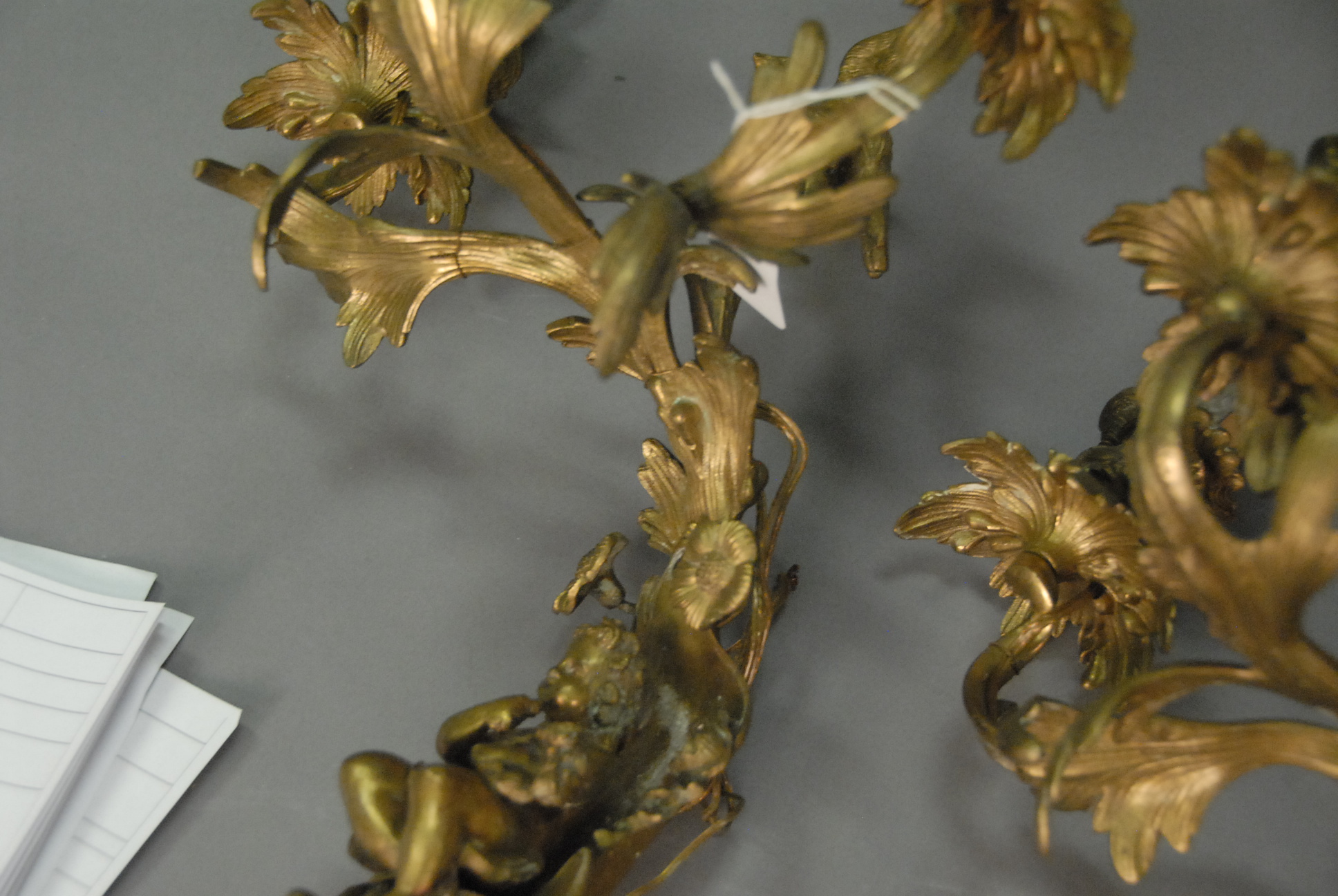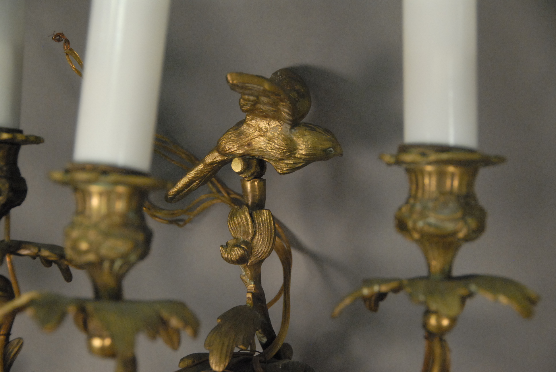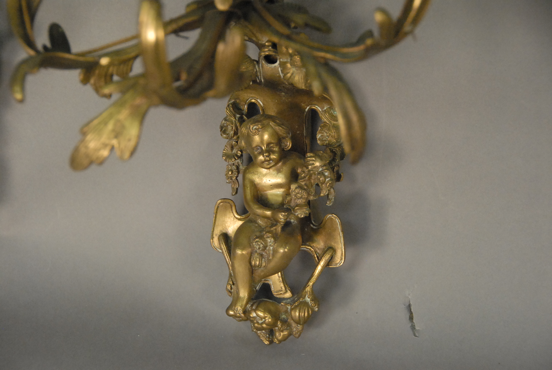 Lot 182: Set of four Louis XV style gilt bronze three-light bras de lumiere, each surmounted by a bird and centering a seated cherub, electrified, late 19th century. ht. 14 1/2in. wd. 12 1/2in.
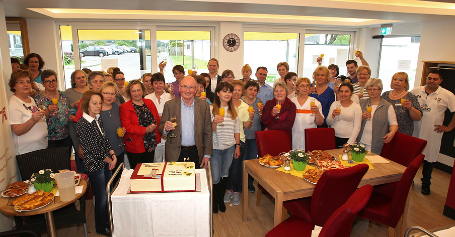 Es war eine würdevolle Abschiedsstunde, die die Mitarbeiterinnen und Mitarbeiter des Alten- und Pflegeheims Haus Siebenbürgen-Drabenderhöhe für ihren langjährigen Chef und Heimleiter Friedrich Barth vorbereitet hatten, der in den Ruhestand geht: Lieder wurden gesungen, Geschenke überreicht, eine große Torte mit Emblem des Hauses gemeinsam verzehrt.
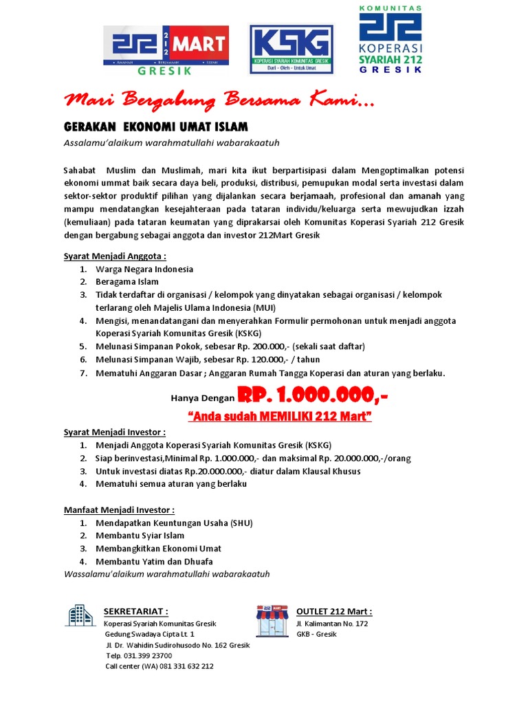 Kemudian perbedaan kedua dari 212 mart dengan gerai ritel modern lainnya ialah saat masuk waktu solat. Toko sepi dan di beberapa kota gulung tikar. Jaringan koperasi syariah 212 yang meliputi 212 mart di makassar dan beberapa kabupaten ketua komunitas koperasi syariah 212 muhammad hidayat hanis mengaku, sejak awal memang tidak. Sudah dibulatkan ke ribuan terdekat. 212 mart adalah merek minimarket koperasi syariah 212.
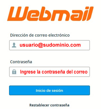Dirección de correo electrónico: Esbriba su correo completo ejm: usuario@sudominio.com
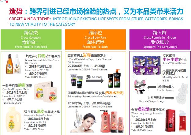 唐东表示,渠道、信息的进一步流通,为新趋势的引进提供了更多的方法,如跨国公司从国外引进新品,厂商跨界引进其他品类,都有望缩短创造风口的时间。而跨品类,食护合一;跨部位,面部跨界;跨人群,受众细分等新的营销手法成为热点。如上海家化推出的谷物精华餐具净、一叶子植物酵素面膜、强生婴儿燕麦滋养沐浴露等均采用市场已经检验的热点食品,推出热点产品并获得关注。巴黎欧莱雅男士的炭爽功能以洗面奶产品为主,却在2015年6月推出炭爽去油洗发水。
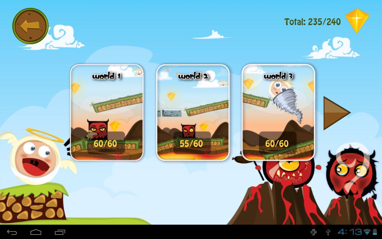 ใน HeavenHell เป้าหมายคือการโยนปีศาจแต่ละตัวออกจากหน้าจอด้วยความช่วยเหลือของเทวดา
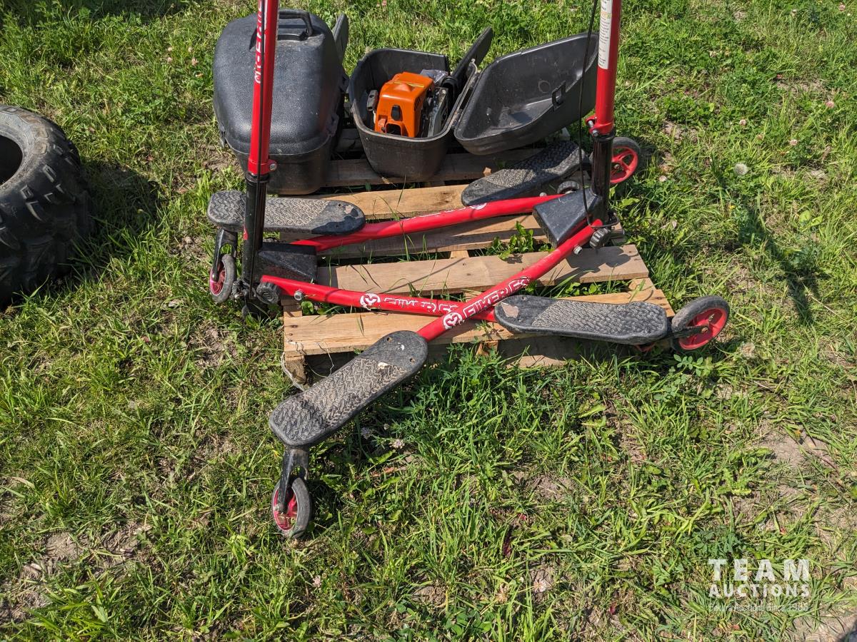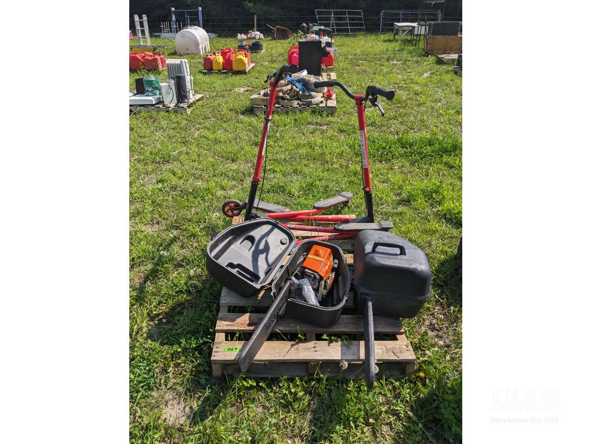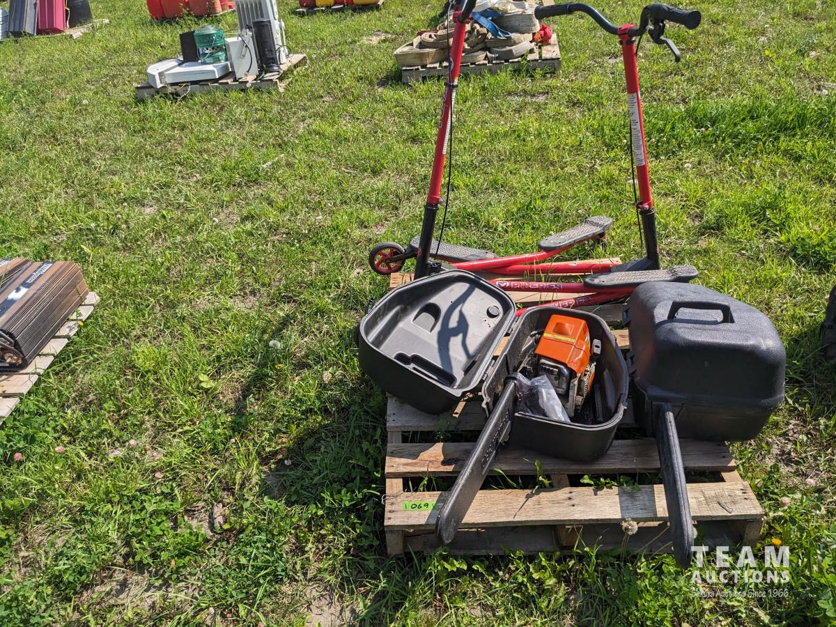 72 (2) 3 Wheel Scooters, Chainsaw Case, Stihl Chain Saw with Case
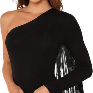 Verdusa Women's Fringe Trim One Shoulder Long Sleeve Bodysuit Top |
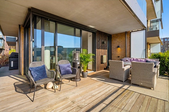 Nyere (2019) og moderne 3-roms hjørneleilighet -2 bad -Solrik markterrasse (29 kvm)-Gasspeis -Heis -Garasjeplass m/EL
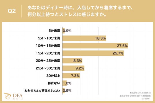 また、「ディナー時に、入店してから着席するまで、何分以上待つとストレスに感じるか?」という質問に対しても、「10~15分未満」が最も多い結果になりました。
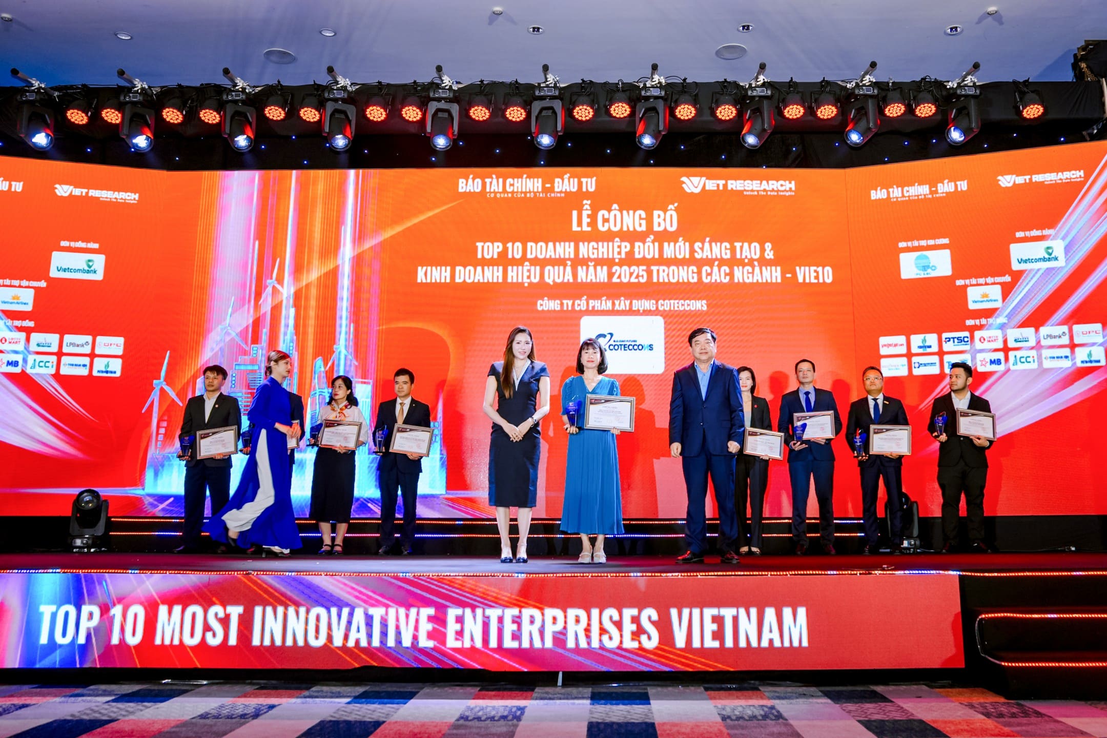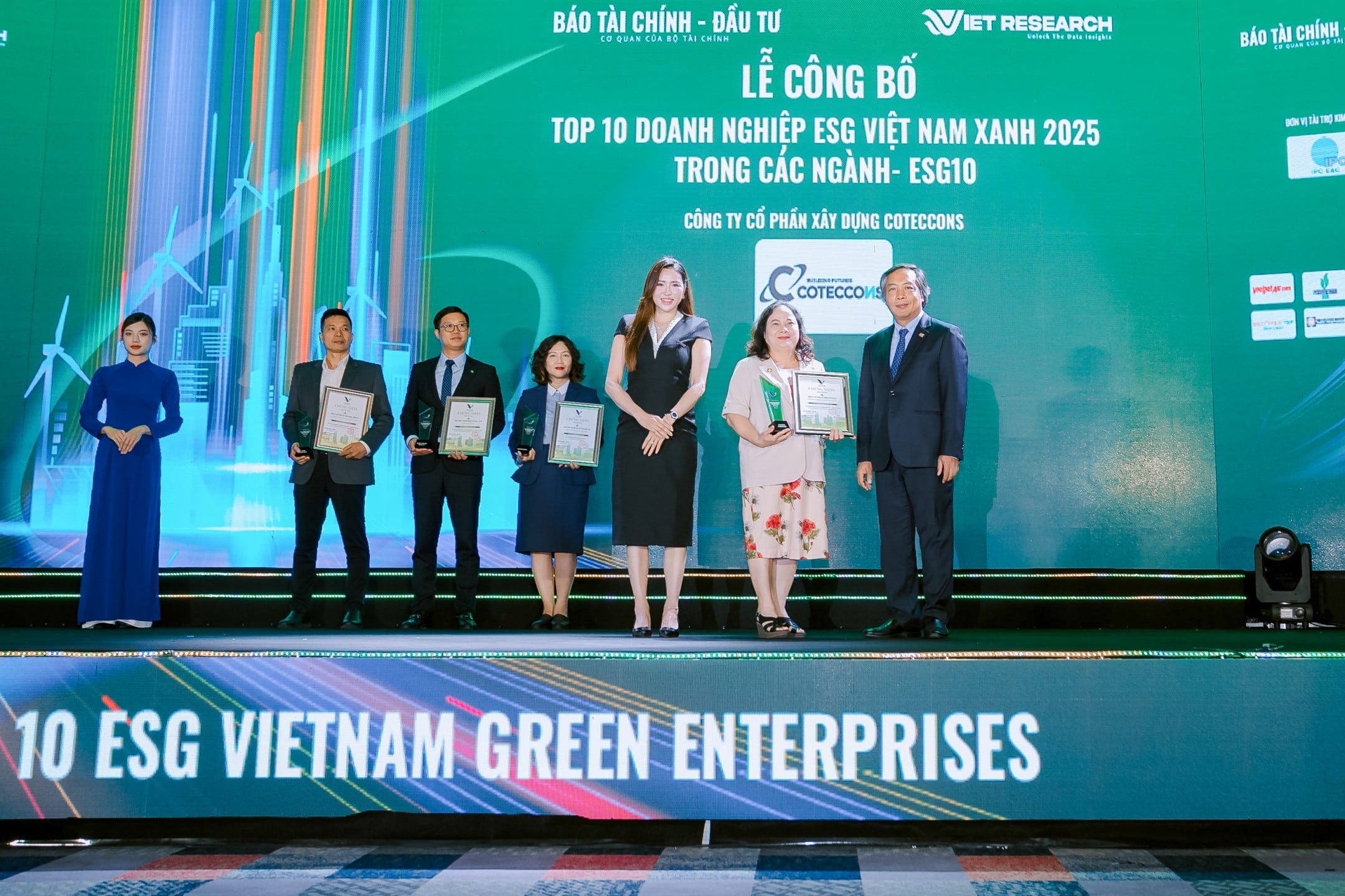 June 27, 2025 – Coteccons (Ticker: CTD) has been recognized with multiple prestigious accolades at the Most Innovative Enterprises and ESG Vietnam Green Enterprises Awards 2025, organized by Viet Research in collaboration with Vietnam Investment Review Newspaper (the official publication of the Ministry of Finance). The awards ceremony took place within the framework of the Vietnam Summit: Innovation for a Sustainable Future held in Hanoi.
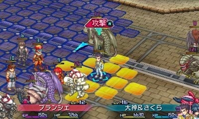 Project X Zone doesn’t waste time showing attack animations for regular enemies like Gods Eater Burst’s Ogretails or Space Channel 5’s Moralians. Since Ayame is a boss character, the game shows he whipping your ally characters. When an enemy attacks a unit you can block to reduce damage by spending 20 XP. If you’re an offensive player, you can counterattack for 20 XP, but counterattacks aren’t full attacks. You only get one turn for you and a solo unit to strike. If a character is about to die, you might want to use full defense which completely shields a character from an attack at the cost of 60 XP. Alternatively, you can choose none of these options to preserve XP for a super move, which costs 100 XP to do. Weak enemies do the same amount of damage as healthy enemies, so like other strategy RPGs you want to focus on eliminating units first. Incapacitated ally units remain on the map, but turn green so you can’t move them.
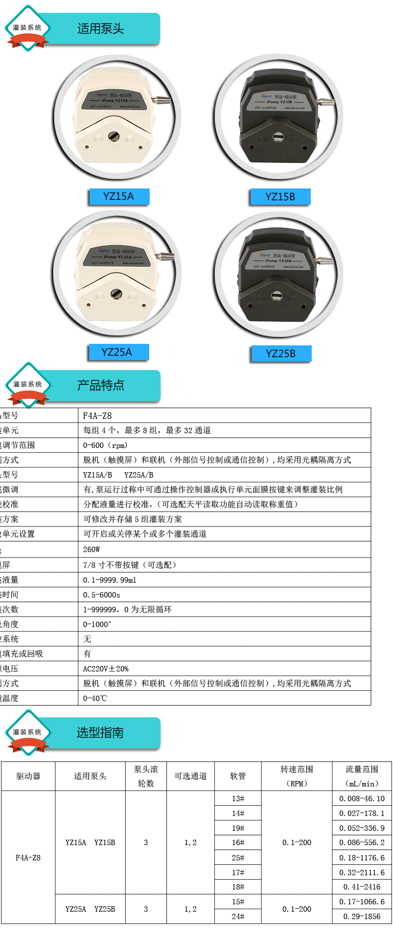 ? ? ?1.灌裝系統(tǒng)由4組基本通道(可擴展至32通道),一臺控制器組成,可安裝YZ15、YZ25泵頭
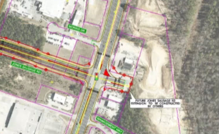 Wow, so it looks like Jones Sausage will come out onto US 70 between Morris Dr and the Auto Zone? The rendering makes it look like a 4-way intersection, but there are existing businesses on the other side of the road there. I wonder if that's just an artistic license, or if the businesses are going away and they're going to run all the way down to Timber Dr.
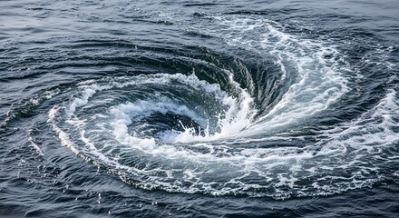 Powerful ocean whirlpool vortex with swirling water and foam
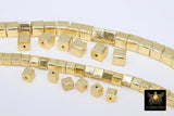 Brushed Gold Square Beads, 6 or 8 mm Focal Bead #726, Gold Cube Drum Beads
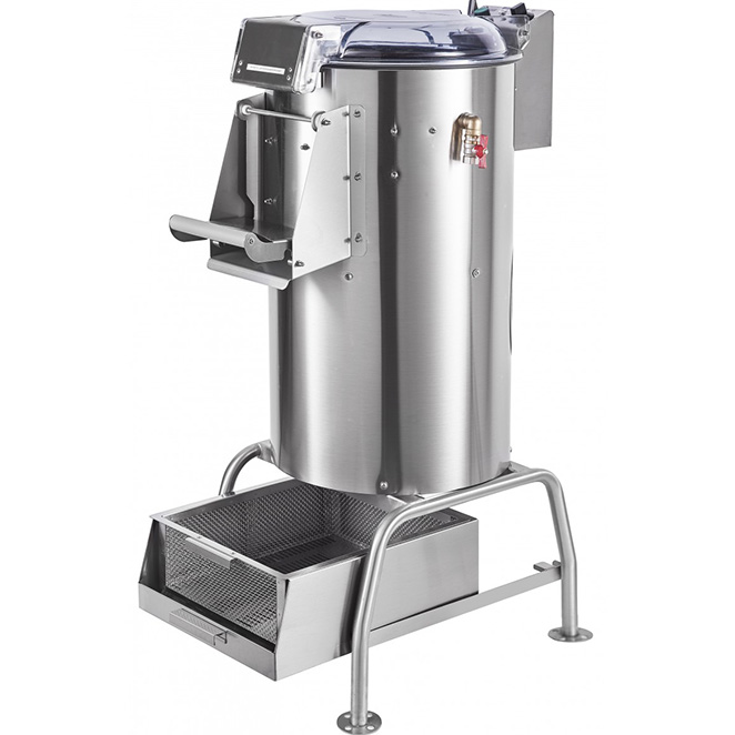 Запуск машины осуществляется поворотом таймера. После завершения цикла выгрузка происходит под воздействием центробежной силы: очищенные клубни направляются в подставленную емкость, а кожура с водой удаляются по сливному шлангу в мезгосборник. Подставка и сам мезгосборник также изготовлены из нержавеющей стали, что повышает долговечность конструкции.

▶ PROBLEM TO SOLVE
Up to and including the line with "Es war eine", copy the data above from its first line. Skip pictures.

▶ SOLVED EXERCISE
 Lot 182: Set of four Louis XV style gilt bronze three-light bras de lumiere, each surmounted by a bird and centering a seated cherub, electrified, late 19th century. ht. 14 1/2in. wd. 12 1/2in.
 Es war eine würdevolle Abschiedsstunde, die die Mitarbeiterinnen und Mitarbeiter des Alten- und Pflegeheims Haus Siebenbürgen-Drabenderhöhe für ihren langjährigen Chef und Heimleiter Friedrich Barth vorbereitet hatten, der in den Ruhestand geht: Lieder wurden gesungen, Geschenke überreicht, eine große Torte mit Emblem des Hauses gemeinsam verzehrt.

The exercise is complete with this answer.